Also, if you are connected to console, you should be able to answer "yes" to the "Would you like to ignore this and continue with installation?" That could get you booting so you could have a look around. At worst, it will drop you into the efi shell, where you can manually boot with something like: Shell> fs0: (it may be fs1:, fs2: etc) Shell> cd efi\fedora Shell> grubaa64.efi
So this looks like a firmware bug uncovered by: commit d3549a938b73f203ef522562ae9f2d38aa43d234 Author: Ard Biesheuvel <ardb> Date: Fri Sep 16 11:48:30 2022 +0200 efi/arm64: libstub: avoid SetVirtualAddressMap() when possible EFI's SetVirtualAddressMap() runtime service is a horrid hack that we'd like to avoid using, if possible. For 64-bit architectures such as arm64, the user and kernel mappings are entirely disjoint, and given that we use the user region for mapping the UEFI runtime regions when running under the OS, we don't rely on SetVirtualAddressMap() in the conventional way, i.e., to permit kernel mappings of the OS to coexist with kernel region mappings of the firmware regions. This means that, in principle, we should be able to avoid SetVirtualAddressMap() altogether, and simply use the 1:1 mapping that UEFI uses at boot time. (Note that omitting SetVirtualAddressMap() is explicitly permitted by the UEFI spec). However, there is a corner case on arm64, which, if configured for 3-level paging (or 2-level paging when using 64k pages), may not be able to cover the entire range of firmware mappings (which might contain both memory and MMIO peripheral mappings). So let's avoid SetVirtualAddressMap() on arm64, but only if the VA space is guaranteed to be of sufficient size. Signed-off-by: Ard Biesheuvel <ardb> I found this by bisecting and verified it by causing a panic with efi=novamap on an otherwise working version of fedora 36. I also see the problem on Ampere Mt Jade and Mt Collins.

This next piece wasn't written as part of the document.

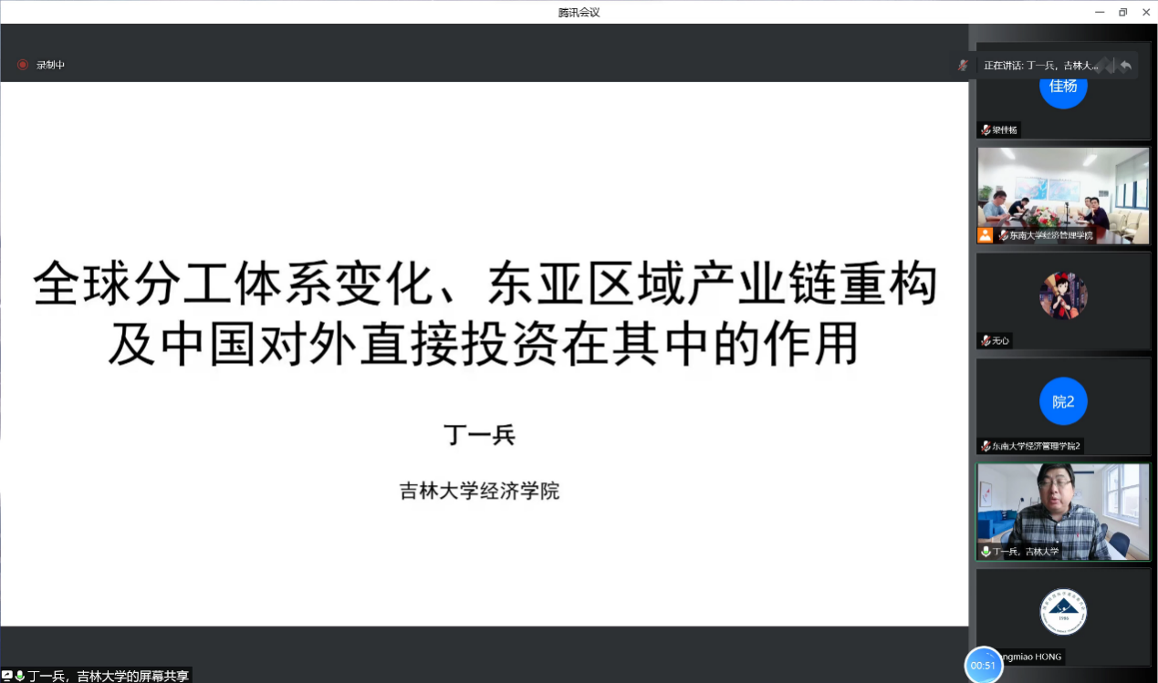 院长、中国世界经济学会副会长丁一兵教授、中南财经政法大学经济管理学院院长李小平教授等受邀作了主题演讲。丁一兵教授的主题演讲题为“全球分工体系变化、东亚区域产业链重构及中国对外直接投资在其中的作用”。

Upstream is aware of the problem and are considering possible solutions including reverting commit d3549a938b73f. There is no current workaround other than reverting that commit.
@msalter - can you post an MR on ARK with that revert and the above explaination. We won't necessarily merge it, but just tag it as a temp fix (for ark-latest not os-build) until upstream resolves it. I tried reverting it but ran into conflicts.
Some patches landed upstream which should mitigate this for current kernel-ark. Fedora, depending on kernel version will need backports of the functionality in : 550b33cfd445 "arm64: efi: Force the use of SetVirtualAddressMap() on Altra machines" 190233164cd7 "arm64: efi: Force the use of SetVirtualAddressMap() on eMAG and Altra Max machines" Complicated somewhat by some bits being split into a separate file in: d9ffe524a538 "efi/arm64: libstub: Split off kernel image relocation for builtin stub"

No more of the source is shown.